These mini flourless chocolate cupcakes with sesame brittle and tahini frosting are fun to make and a treat to serve!

Flourless Choc Cupcakes

For the brittle:
1.5 c sugar
1 c black/white sesame seeds

For the tahini frosting:
1/2 cup Whole Seed Tahini
1 c butter
1.5 c powdered sugar
1/2 tsp cinnamon
1.5 tsp vanilla extract
1/2 tsp cardamom (for extra spice)

For the brittle:
1. Place the sugar into a pan and fill with water until it reaches 1/2 inch above the sugar level
2. Stir and then boil on high heat for approx. 5 minutes
3. While sugar mix is heating up, throw the sesame seeds onto a baking sheet
4. Carefully watch the sugar and take off the heat the minute it starts to turn golden
5. Spread the toffee mix over the seeds and let it cool and harden
6. Crack into big and small pieces and sprinkle over the frosting

For the tahini frosting:
1. Mix together the butter and tahini until smooth and creamy
2. Combine with the sugar and add the remaining ingredients tasting as you go (you can add more or less of the vanilla, cardamom and cinnamon according to your taste preference)

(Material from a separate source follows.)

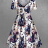 Gothic Cat Skulls Rose Flower Leaf Print Halloween Costume Cinched A Line Dress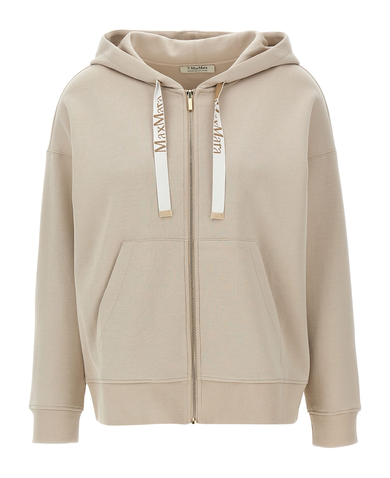 'Jour' cotton blend hoodie with drawstring and logo intarsia, front pockets, zip closure, long sleeves with elastic cuffs. Composition: 78% cotton, 22% polyester

For the chocolate cupcakes:
We chose to use a fail-safe recipe for gluten-free chocolate cupcakes which substitutes almond meal for flour. This super simple and delicious recipe, by Australian Chef Terry Durack, is called 'The Miraculous Flour-Less Chocolate Cake' for good reason! Find the recipe here. Instead of pouring the batter into a cake tin, we used cupcake molds and baked for 30 mins instead of 40.